I bring all of that up since such efforts, or lack thereof, are likely to distract the viewer from the proceedings. That's not to say, however, that a great deal of attention needs to be paid to the story - beyond catching certain characters' names - that follows the tried and true formula of romance-during-war plots.
Not being familiar with the original novel, I can't say how faithful this cinematic adaptation is to it, but what's present here won't strain the imagination or heart too much, although one's gluteus maximus is another point altogether. Yes, the film doesn't contain enough substance - despite the historical setting - to sustain its two-hour plus runtime. Nor does its story stray too far from the predictable, and, at times melodramatic and contrived, formula.
Like many war-based romances, this one features the solider (Cage) who arrives in a foreign land, falls for the local, ravishing beauty (Cruz), but then has all of that interrupted when that pesky and bothersome war decides to kick in - sometime after the midway point -- and disrupt things with some fighting, deaths and general mayhem.
Despite the been there, seen that aura and approach playing off the notion of love and war making strange bedfellows, however, there's always the possibility that the film could still be entertaining, engaging and potentially even moving if handled with just the right touch and care.
In such regards, director John Madden ("Shakespeare in Love," "Mrs. Brown") and screenwriter Shawn Slovo ("A World Apart") don't offer anything that will blow away viewers, and one's tolerance for the melodramatic moments and coincidences will weigh heavily on their acceptance and/or enjoyment of what's offered. The moderate "twist" they present is that the soldier is a fun loving, choir conducting, mandolin player rather than a young and naïve or gritty and hardened fellow.
While Cruz's character immediately doesn't like him because he's Italian and she's Greek, few will be surprised that they eventually hook up. However, the catalyst for melting of her icy heart and attitude - namely all of that jovial singing and mandolin playing - will probably strain credibility for all but the most dyed in the wool, romantic diehards.

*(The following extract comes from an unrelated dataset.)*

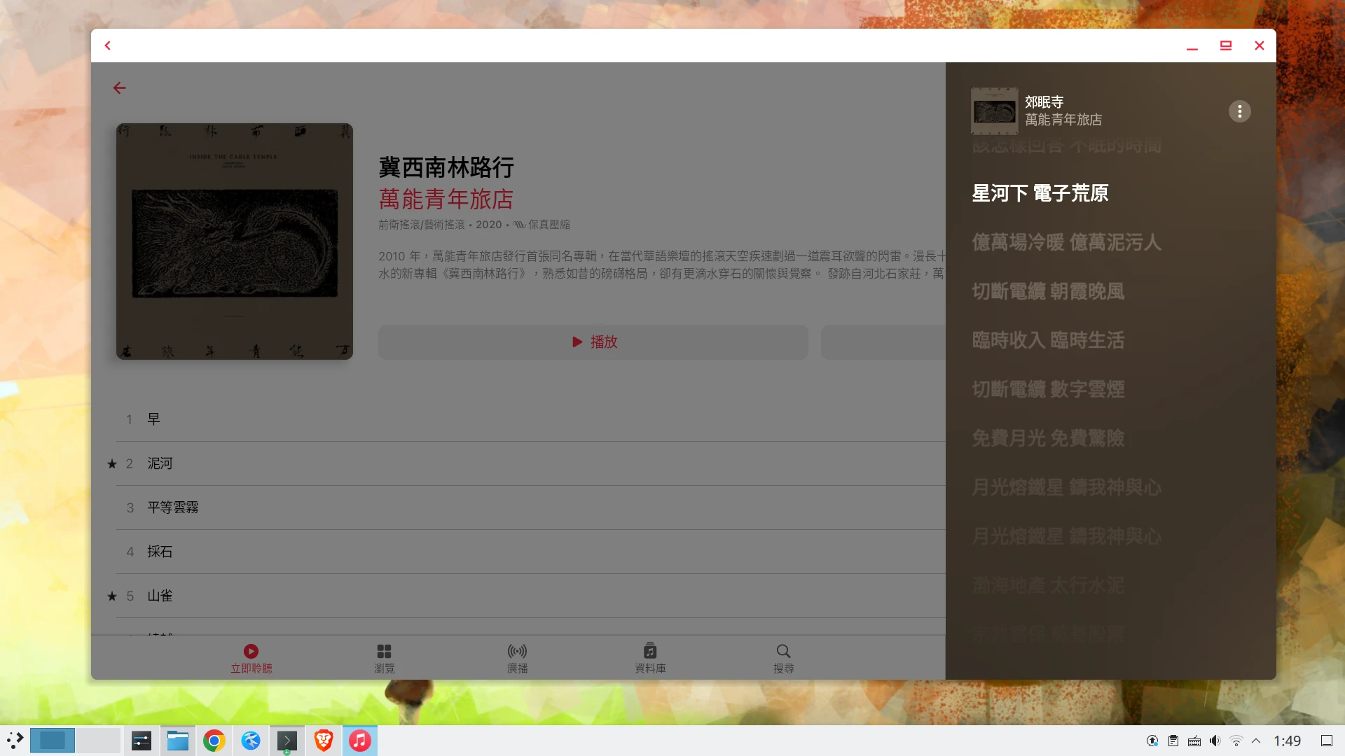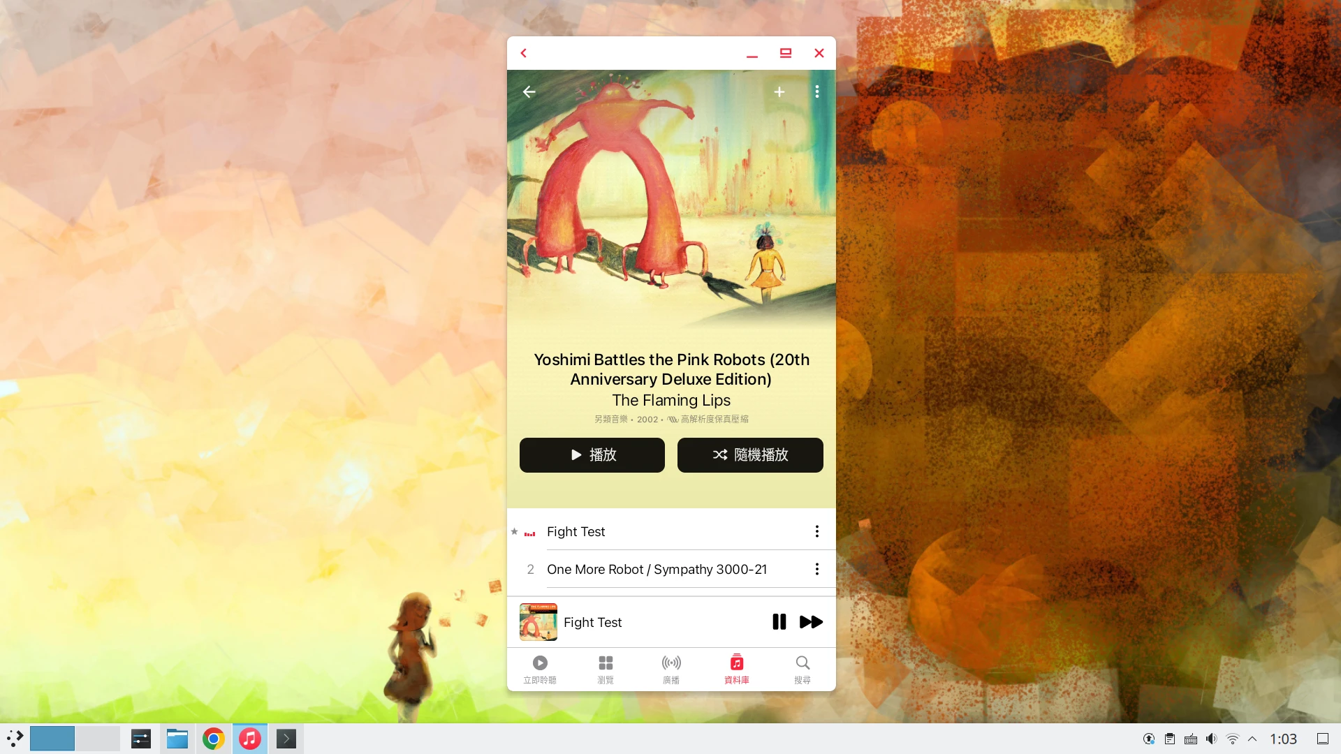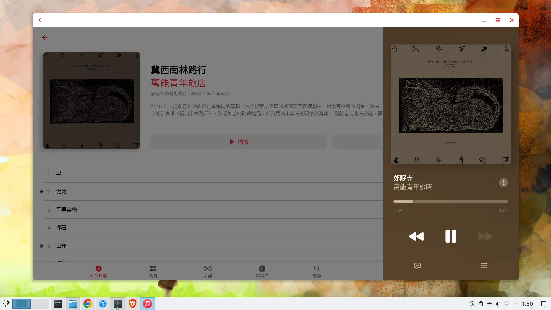 斟酌啟用多視窗模式。在支援好的Wayland環境下,就可以自由調整Apple Music的版面大小。

Such a de-icing, if you will, is all fine and dandy in concept, and there's obviously a native love interest for her that's supposed to be the third leg of the romantic triangle and will presumably generate much of the film's dramatic tension. Unfortunately, the heart melting feels contrived at best and the triangular bit never really comes to fruition in any sort of creative or imaginative way.
Both are also surprisingly lacking in the requisite fireworks one would expect with such a setup. Since many viewers consequently won't believe and/or care about the leads' relationship, the later, near-tragic moments and other such material can't and don't have the emotional payoff that's needed to make the film work its best.

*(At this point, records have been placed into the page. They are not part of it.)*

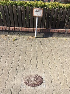 Das beigefügte Foto zeigt einen Unterflur-Hydranten. Jeder Hydrant ist mit einem Hinweisschild ausgestattet, das ebenfalls im Bild zu sehen ist und beim Auffinden des Hydranten hilft. In diesem Fall befindet sich der Hydrant 1,4 Meter in gerader Linie vor dem Schild. Die freien Felder rechts und links der senkrechten Linie auf dem Foto zeigen die seitliche Entfernung des Hydranten vom Schild an.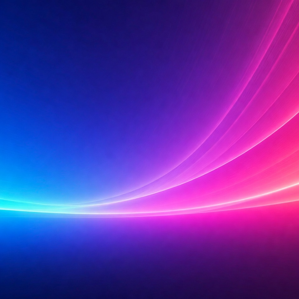 An abstract digital artwork features smooth, glowing waves in shades of deep blue transitioning to vibrant purple and hot pink. The curves sweep diagonally across a dark background, creating a dynamic flow of neon-like light trails. The design has a glossy, futuristic appearance with soft gradients and highlights.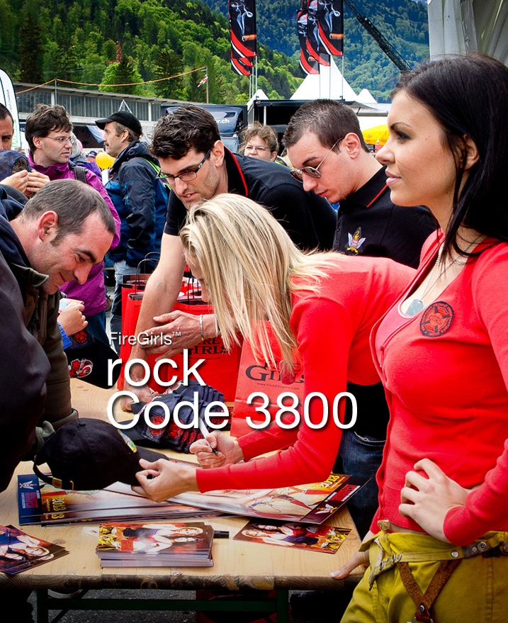 For the second time the FireGirls™ were the undisputed crowd puller in Switzerland. At the international firefighter festival „Code 3800“ in Interlaken, Switzerland, the attendant fire fighters from all over the world jumped at the chance to meet the orginal FireGirls™ in a very close and personal way. Even soldiers of the Swiss Armed Forces queued up patiently to receive an hand-signed calendar. It was the ultimate highlight of many visitors to get a picture together with the unmistakable FireGirls™.

Accents and contrived/melodramatic plot and material aside, the performances are generally decent and make the film relatively easy to watch. As the usually joyous Italian captain who's suddenly faced by the realities of war, Nicolas Cage seems miscast, but does the best with what he's been given to work. Penelope Cruz is as radiant and beautiful as ever, but that accent and the melodramatic material she must shoulder constantly and unfortunately undermine her dramatic efforts.
Despite yet another odd accent, John Hurt ("The Elephant Man," "Midnight Express") fares somewhat better as her character's wise, but occasionally cantankerous father. Christian Bale ("American Psycho," "Empire of the Sun") is nearly unrecognizable as the jilted local suitor - in a role that obviously needed to be fleshed out to a greater extent - while David Morrissey ("Hilary and Jackie," "Being Human") is decent as a compassionate German officer.
Thanks to the work of cinematographer John Toll ("Braveheart," "Legends of the Fall"), the natural beauty of Cephallonia -- where much of the film was shot -- and an attractive cast, the film looks gorgeous throughout, and Madden makes certain to play that for all it's worth. The various war scenes, however, are not as impressive or as believable as those occurring in "Saving Private Ryan" or "Enemy at the Gates," giving the film something of an old-fashioned war movie feel.
Overall, one's enjoyment of this film will ride a great deal on one's acceptance not only of the often strained accents, but also the melodramatic, predictable and occasionally illogical moments that develop during the film's overly long and occasionally rather slow running time.
Some will be swept away - to one degree or another - by what transpires, especially if they're diehard romantics at heart, while others will either be resistant to or simply not buy into what's offered. While not horrible, the film is certainly far from being as good a wartime romantic drama as it thinks it is and/or wants to be. "Captain Corelli's Mandolin" thus rates as a 4 out of 10.